# Tissot T12 Navigator, a flying saucer (AWW 46)



## Afka (Sep 23, 2011)

*
Specifications
*
*Name*: Tissot T12 Navigator
*Movement*: Tissot 788 automatic, 24h with date, 21 jewels, 18000 bph
*Dial: *24h main dial with large even hour markers, sweep seconds, date at 3, hour markers and hands are lumed, inner bezel with odd hour numbers
*Case*: all stainless steel with screwed case back
*Size*: 44 mm diameter without crown, 45 mm with crown, hidden lugs
*Height*: 13 mm
*Text on dial*: [Tissot logo] TISSOT SWISS AUTOMATIC NAVIGATOR T 12 SWISS T MADE
*Text on back*: [Spanish Galleon]
*Water-resistance*: 12 ATM water resistant
*Crown*: two signed crowns at 2 (bezel) and 4 (time and date)
*Crystal*: domed mineral crystal

*Foreword
*
Some time ago, I did 45 watch reviews under the common name AWW. In the beginning, I planned it as a weekly feature (Afka's Weekly Watch). Then I found out, that writing a review is a hell of work. First, I gave up the weekly schedule, and later stopped at all. Now I think I try to write some more. Maybe this is a big mistake, we will see.

*Comments
*
Next watch from my drawers is from a renowned watch brand Tissot. Tissot has as a minimum three classical vintage true 24h models from 60's and 70's. All three are strongly recommended for 24h collectors.
Two main Tissot watch model lines in these days were T-12 and PR-516. Here is a very good ad from 1969, where you can see two classical 24h models I mentioned - [E] PR-516 24-Hour Dial and [G] T-12 World-Time Navigator. Maybe someday, I try to review these two, but today we take the third one - T-12 Navigator, often called the flying saucer.

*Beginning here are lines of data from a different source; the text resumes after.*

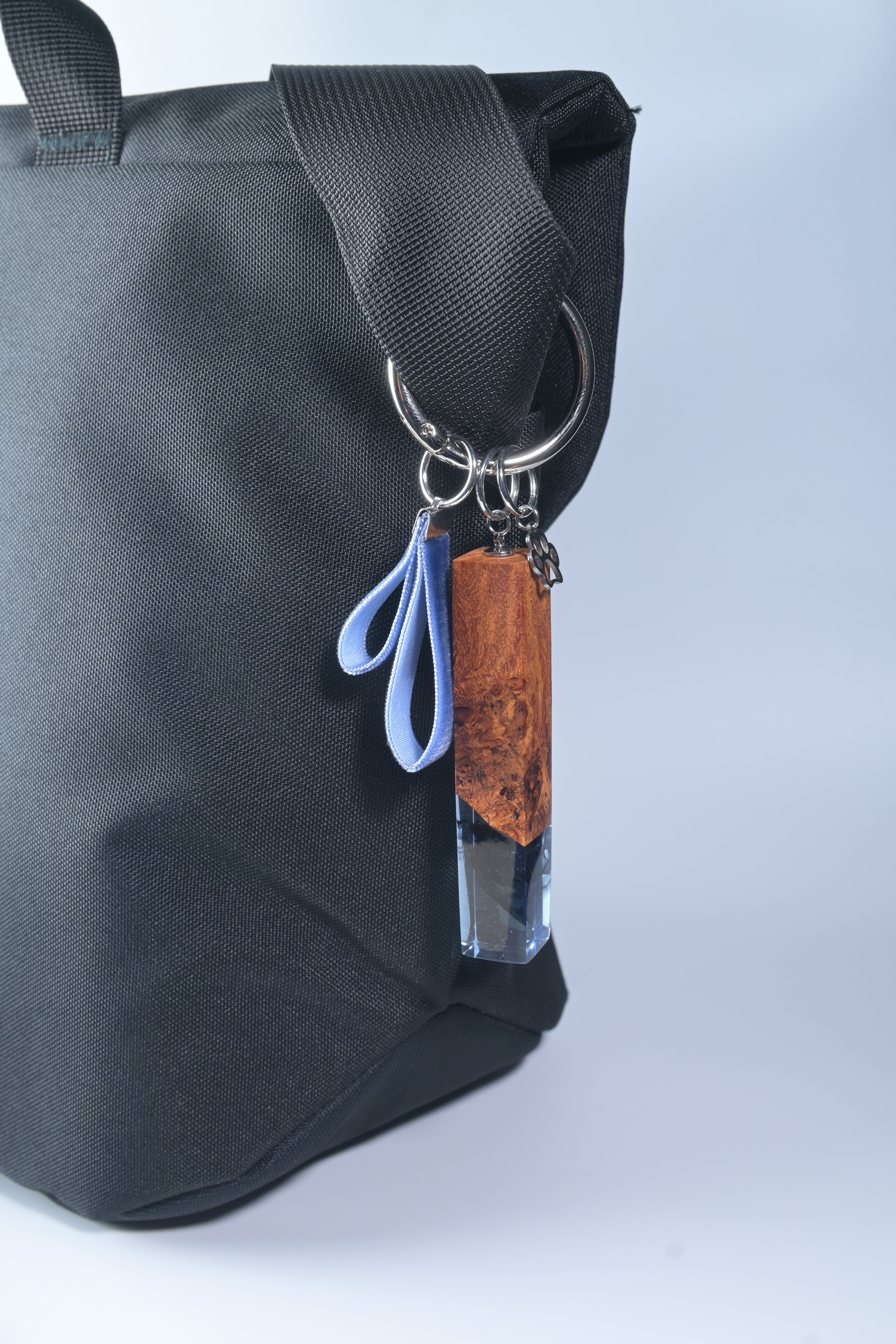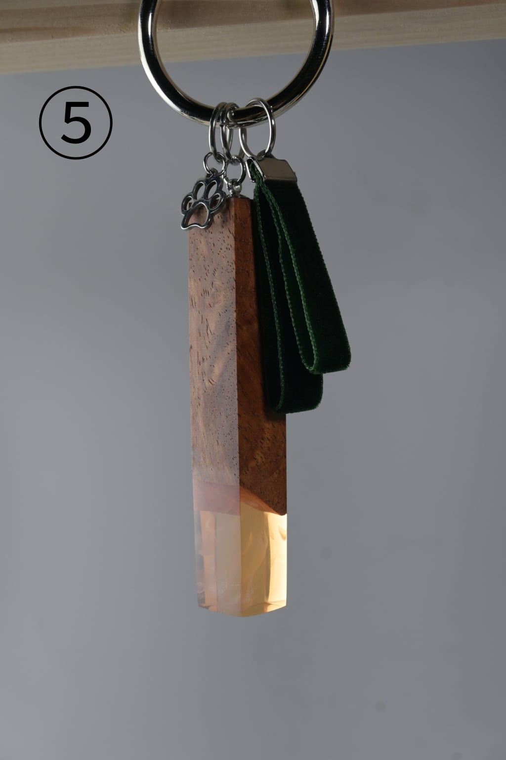 木とレジンを使い、猫の尻尾をイメージしたバッグチャームです。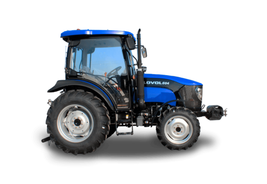 Колесный трактор Foton Lovol TB-604 с кабиной 3-го поколения оборудован дизельным четырехтактным двигателем мощностью 60 лошадиных сил, гидроусилителем руля, двухдисковым сцеплением, МКП 12+12 ручкой сбоку с синхронизатором, магнитолой, мягким сиденьем, гидовыходами, вспомогательным баком.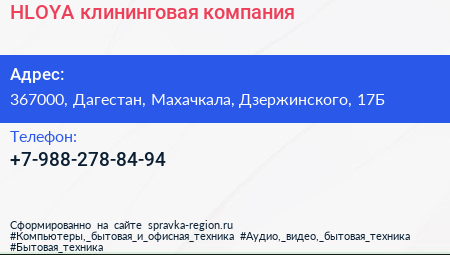 HLOYA, клининговая компания по адресу 367000, Дагестан, Махачкала, Дзержинского, 17Б в дальнейшем Организация, размещена в следующих категориях:
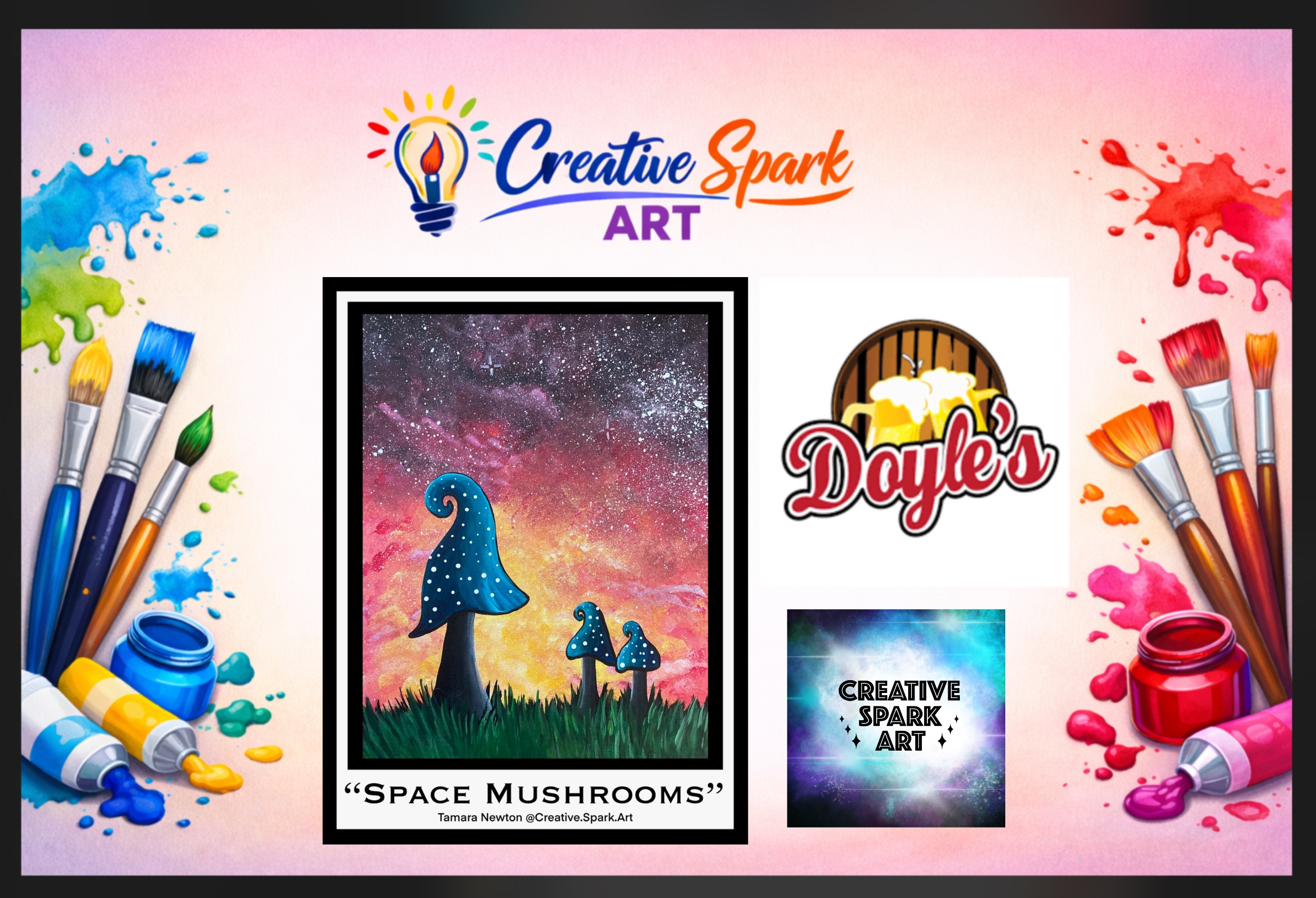 Join us April 9 for a fun, whimsical paint night! We’ll create a colourful “Space Mushrooms” painting with a glowing galaxy sky, fully customizable and perfect for beginners. No experience needed—just come sip, paint, and have fun! Seats are limited. ✨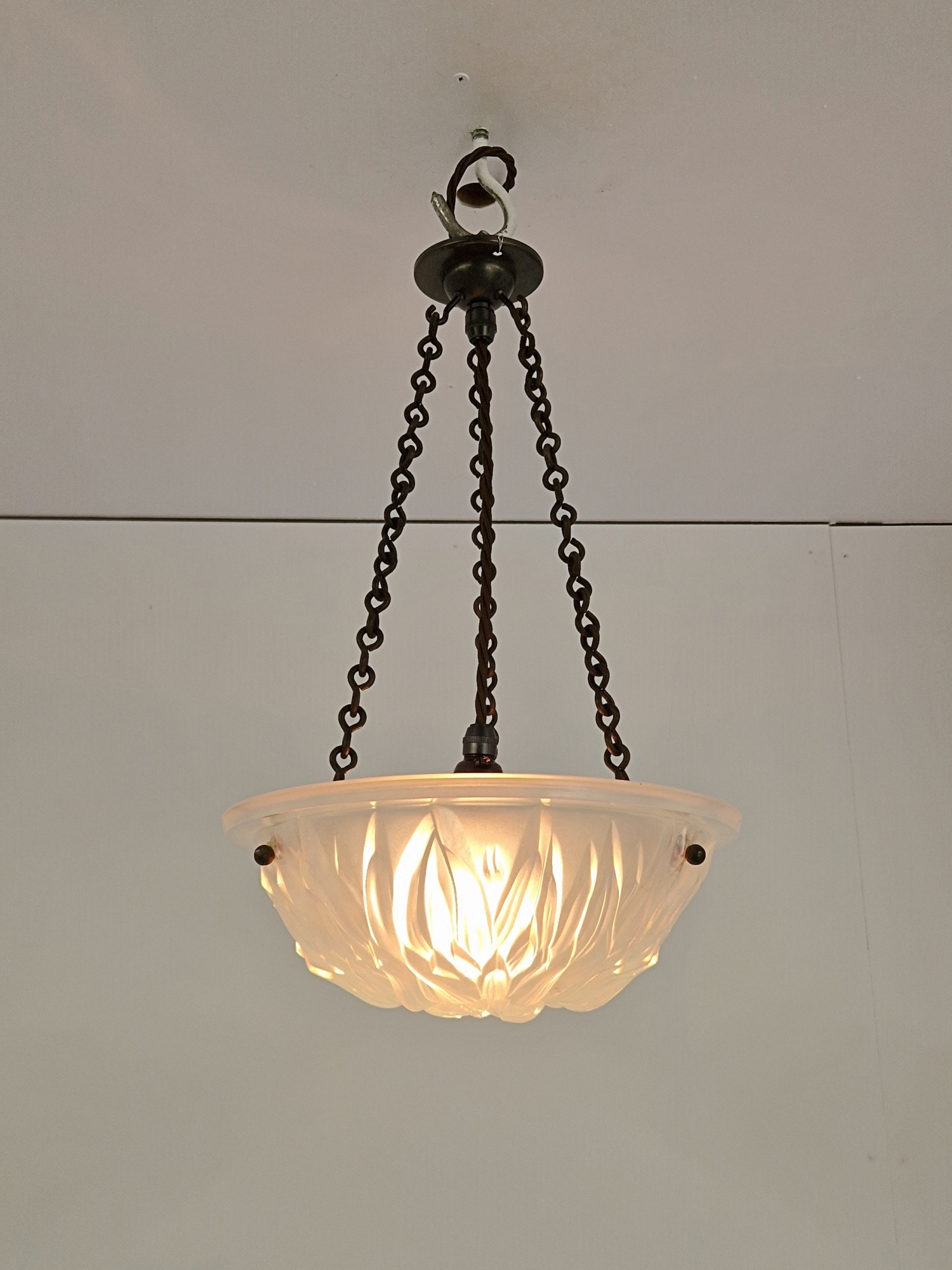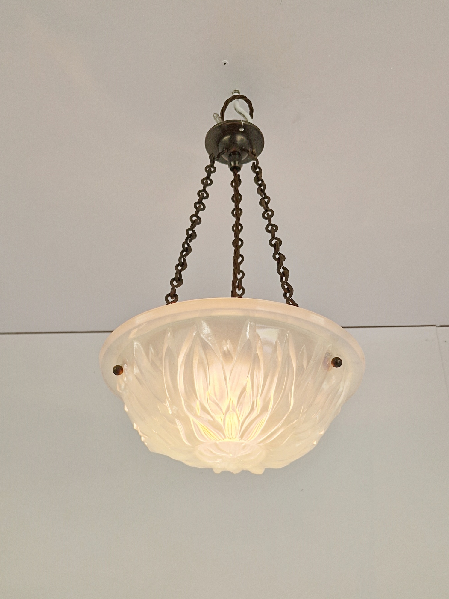 Product Code: LG693A small “Sunflower” opalescent-glass plafonnier in the style of René Lalique by an unknown designer. This bijou light comes with original chain and a replacement, but sympathetic, ceiling rose for suspension.

The obvious question is - what does T-12 mean? I was surprised, that even in special Tissot forums you cannot find a clear answer. 
T-12 stands for *T(issot) 12 ATM water-resistant watch*. 12 ATM are 120 meters or 400 feet. T-12 was introduced in the 50s and on several vintage Tissot ads you can see next to T-12 the explanation - "resists underwater pressures up to 12 atmos (400 feet)".















Many call this watch "compressor". Compressor was actually a brand name for certain type of water resistant patented watch cases produced.



Denizen said:


> the compressor case was a patented case design by Ervin Piquerez, a swiss casemaker (EPSA) who sold his cases to a number of different brands.
> the compressor case had a unique seal construction which ensured water resistance through pressure on the gaskets; the crowns on compressor cases were not of the screw-down type.


Tissot does not have the real Compressor case, but similarly designed own case. The main features are the same - water resistant case with two crowns. Crown at 2 to operate the bezel, crown at 4 to set date and time. Diameter without crowns is 44 mm. Even a little bit more than original Compressor cases (were available as 36, 42 mm). This watch was very big back in the 60s!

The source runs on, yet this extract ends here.